How to create a Self-improving AI agent

23 Jan

If you’re developing an AI agent and you want it to improve itself with usage, this post is for you.

Over the last two years, AI researchers and builders have developed a plethora of “improvement mechanisms”, all of which work well in some cases and poorly in others. The aim of this post is to provide some guidance: what is likely to work well for your agent?

Planning for self-improvement

You should be thinking about the improvement mechanism early on - ideally when designing the agent and it’s integration. This is because the decision will affect what feedback you need to retain and how you’ll collect it. The decision could impact any end-user application design and will be definitely be affected by the quality and quantity of feedback that users are willing to provide.

Ask yourself: what opportunities exist for collecting outputs (including intermediate outputs, tool calls and reasoning chains) and for evaluating those outputs? Roughly speaking, there are four ways you can evaluate outputs:

Human feedback. Get end users to edit or score the agents’ work.
LLM-as-a-judge. Get another LLM to evaluate the agents’ work against set criteria.
Verifiable criteria. Look for programmatic ways to evaluate behaviour. Does a piece of code execute? Is a tool-call valid? Is a summary less than 50 words?
Gold standard outputs. Can you curate a “gold standard” dataset of inputs, intermediate outputs and final outputs? If you are automating a process that is performed frequently by your users, this data may be readily available. If not, can you acquire the time from experts to help you produce such a dataset?

Pre-existing, “gold standard” datasets are a great place to start but take care to understand the coverage of the data. Do you have examples to reflect all possible permutations of user request? If not, at least some permutations of your agent’s behaviour will fall outside of your evaluation scope and be undefined. Either curate examples to cover the gaps or introduce guard-rails into your initial deployment to flag these situations.

Human-corrected outputs and feedback is also great, but you need to be careful collecting it. Design mechanisms that make it easy for users to provide high quality, aspect-specific feedback and be aware that - if users are forced to provide it - they will often rush and give it little thought. This can introduce “label noise” into your feedback dataset, lowering its utility significantly.

The other thing you should do is perform some rough calculations in advance. How often will your agent be executed? How much feedback will you realistically gather? Knowing this will help you select your “improvement mechanism”.

Now, let’s introduce five of the most useful “improvement mechanisms”.

Prompt Optimisation

Well written instructions and carefully chosen examples can perform wonders guiding LLMs to complete tasks correctly. It is possible to improve performance by analysing the failures and hand-crafting the prompts but often you will find yourself playing whack-a-mole, breaking an eval each time you fix a failure. Far better to use gradient-free optimisation procedures like MIPROv2 and GEPA. This is the easiest way to improve an agent’s work-steps; the automated methods will start to show results with as few as ~50 labelled examples.

Consider automatic prompt optimisation when:

Your agentic workflow breaks down into steps and at least some of these steps involve simple calls to an LLM.
You can gather “ground truth” labels for the outputs from these steps using one of the methods above.

Limitations:

Does not scale well to learning from large feedback datasets: it’s a computationally expensive (or human-intensive) way to optimise. When you start to exceed 500 examples, look at fine-tuning instead.

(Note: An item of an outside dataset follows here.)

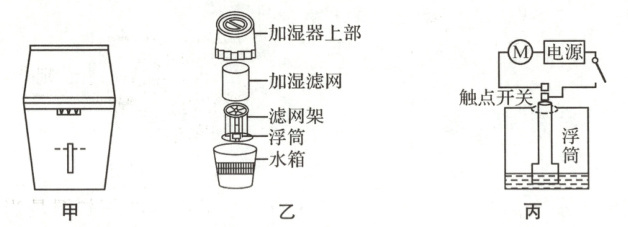22 (10分)加湿器可以增加室内空气湿度,如图甲是某蒸发型加湿器。它是采用蒸发原理加湿的,其内部结构如图乙所示。加湿器上部有一个小型风扇,还有电源、时间、风速、湿度设定等按键。加湿器下部有三部分装置,分别是加湿滤网、滤网架(含浮筒)和水箱。加湿滤网安装在滤网架上,加湿滤网呈蜂窝状,放入水箱后,水会布满整个滤网。

Case-based reasoning (CBR)

The key insight here is that past successful tasks can be reused to improve future task completion. At it’s simplest, CBR can involve nothing more than saving successful past outputs and enabling them to be retrieved by querying an index of past inputs. For example, if an agent needs to produce a SQL query to solve a task, the output would be the successful query and the input would be the request to generate it. (So far this is, of course, a simple RAG system.)

CBR extends simple RAG by allowing reuse and adaptation of past solutions, often across multiple iterations. The process of querying, adaption and evaluation iterates until either a token budget is hit or a solution is successful.

The other key innovation over simple RAG is that the results of previous attempts to solve a problem (in previous iterations) are used to modify both the query and the way the results are used. In this way, an agent can explore and adapt the way it applies past outputs until it successfully solves its current task.

Useful when:

You can easily label outputs (and intermediate outputs) as successful or not.
Your agent (or work-steps within it) is responsible for planning or complex tool use.
You expect future tasks to look similar to past tasks.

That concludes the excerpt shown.